On the other hand, it has been authoritatively determined and we agree the State unquestionably has a compelling vital interest in preservation of the public peace, and in furtherance thereof may prohibit forms of conduct which constitute a threat thereto. See Cantwell v. State of Connecticut, 310 U.S. 296, 308, 60 S. Ct. 900, 905, 84 L. Ed. 1213 (1940); Halter v. Nebraska, 205 U.S. 34, 27 S. Ct. 419, 421, 51 L. Ed. 696 (1907); Deeds v. Beto, 353 F. Supp. at 843; Sutherland v. DeWulf, 323 F.Supp. at 744-745; People v. Sutherland, 292 N.E.2d at 748; People v. Radich, 257 N.E.2d at 32; Deeds v. State, 474 S.W.2d at 721. See also Newby v. Woodbury County District Court, 259 Iowa 1330, 1340, 147 N.W.2d 886 (1967).

IV. Assuming, without deciding, none of the aforementioned sovereign interests are substantial, except that of preventing breaches of the peace, it is for us to weigh that interest against the individual's right to freedom of symbolic expression.

This in turn poses a question as to the next phase of the O'Brien test, i. e., is the State's public peace interest unrelated to suppression of free expression?

The relationship between a state's interest in preventing breaches of the peace and utilization of flag desecration statutes is thus aptly explained in Deeds v. State, 474 S.W.2d at 721:

"The emotions of the people of this nation are so integrally linked to this symbol that its desecration in public is an invitation to violence, not because of the ideas allegedly symbolized by such act but because of the nature of the act itself."

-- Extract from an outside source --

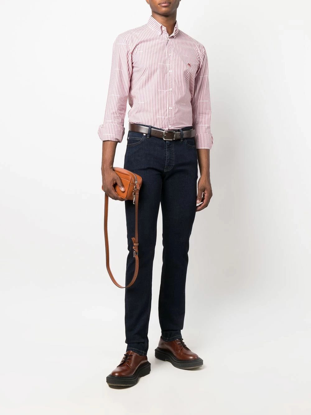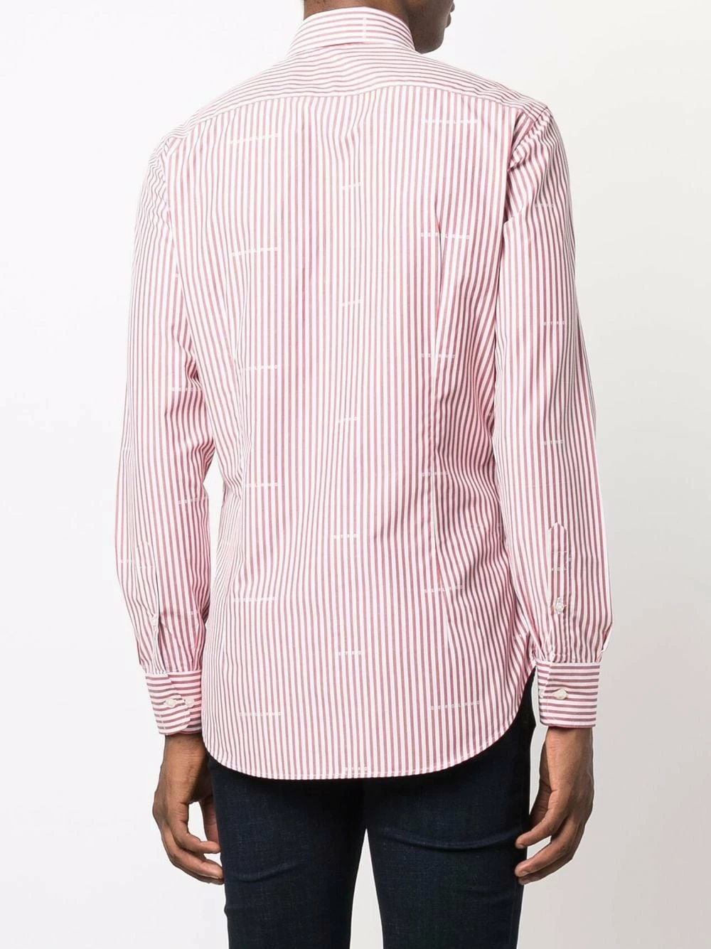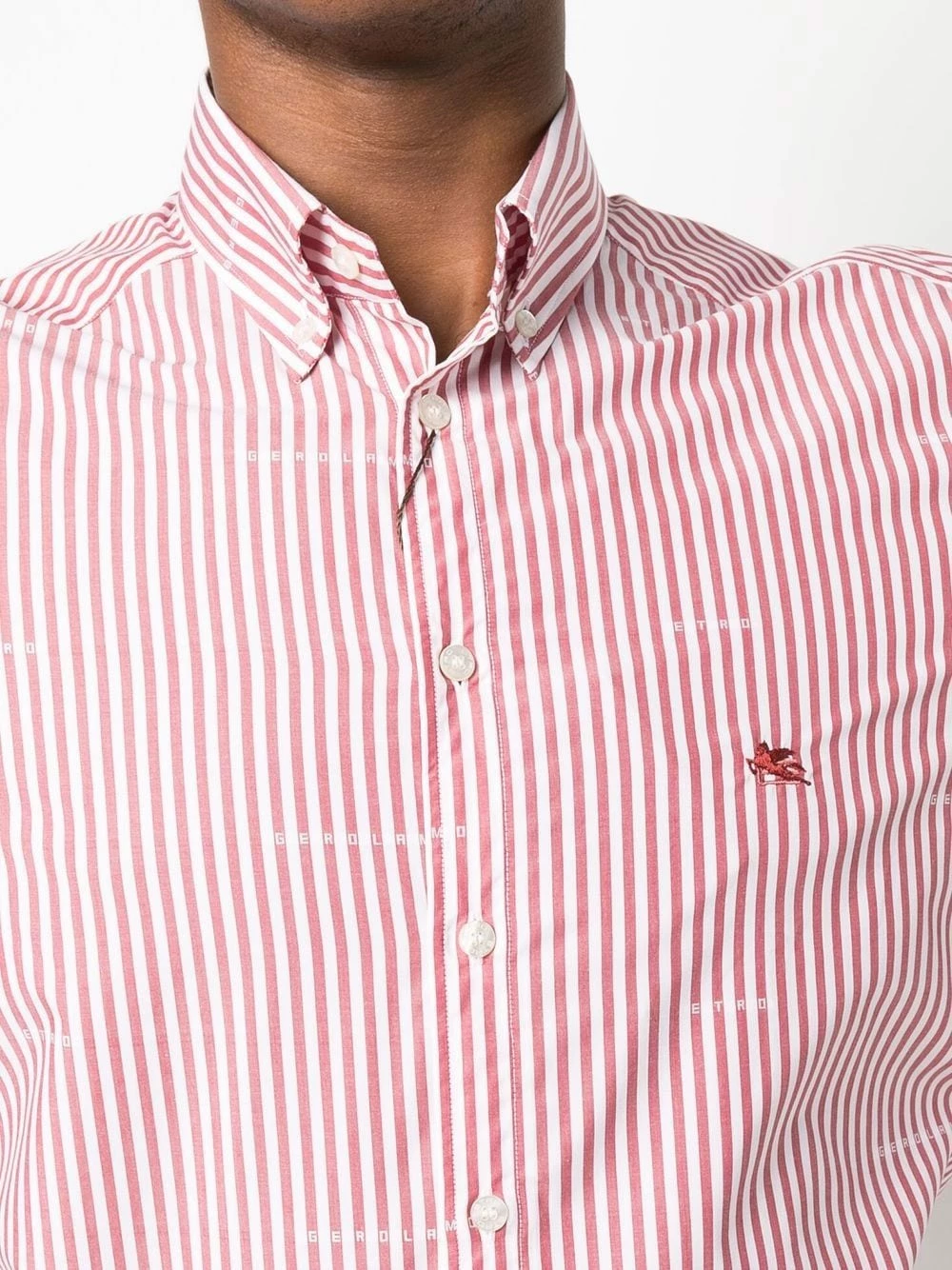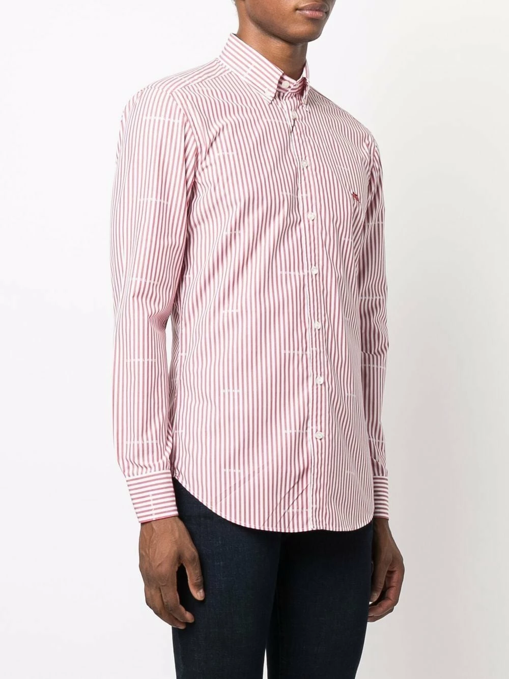 Fines rayures, logo brodé sur la poitrine, imprimé monogrammé, col boutonné, boutonnière sur le devant, manches à poignet boutonné, ourlet incurvé au dos. Matière : coton.

Furthermore, it is to us evident the statute here in question, as applied, is directed to and regulates the form by which defendant's message was expressed, not the content thereof. See Deeds v. Beto, 353 F. Supp. at 843; Sutherland v. DeWulf, 323 F. Supp. at 746; United States v. Ferguson, 302 F. Supp. 1111, 1114 (N.D.Cal. 1969); People v. Cowgill, 274 Cal. App. 2d Supp. 923, 78 Cal. Rptr. 853, 855 (1969), appeal dism'd, 396 U.S. 371, 90 S. Ct. 613, 24 L. Ed. 2d 590 (1970).

We therefore conclude Code § 32.1, as here applied, is sufficiently irrelative to suppression of free expression.

V. The final requirement under O'Brien, supra, is that the incidental restriction on alleged First Amendment freedoms be no greater than essential to furtherance of the state interest sought to be protected.

Patricia argues the statute is excessively restrictive because imminence of a breach of peace is not thereby required to support a conviction. Supportively cited are Cohen v. California and Tinker v. Des Moines Independent Com. Sch. Dist., both supra. She further asserts there was no evidence instantly presented disclosing a breach of peace was committed or imminent.

To these arguments, however, a dispositive answer is readily apparent. The presence or absence of an actual peace disturbance is immaterial, since the physical act of burning a United States flag is conduct which could reasonably be expected to provoke a breach of peace. See Joyce v. United States, 454 F.2d at 987-988; Sutherland v. DeWulf, 323 F. Supp. at 745; People v. Cowgill, 78 Cal. Rptr. at 855; People v. Sutherland, 292 N.E.2d at 748-749.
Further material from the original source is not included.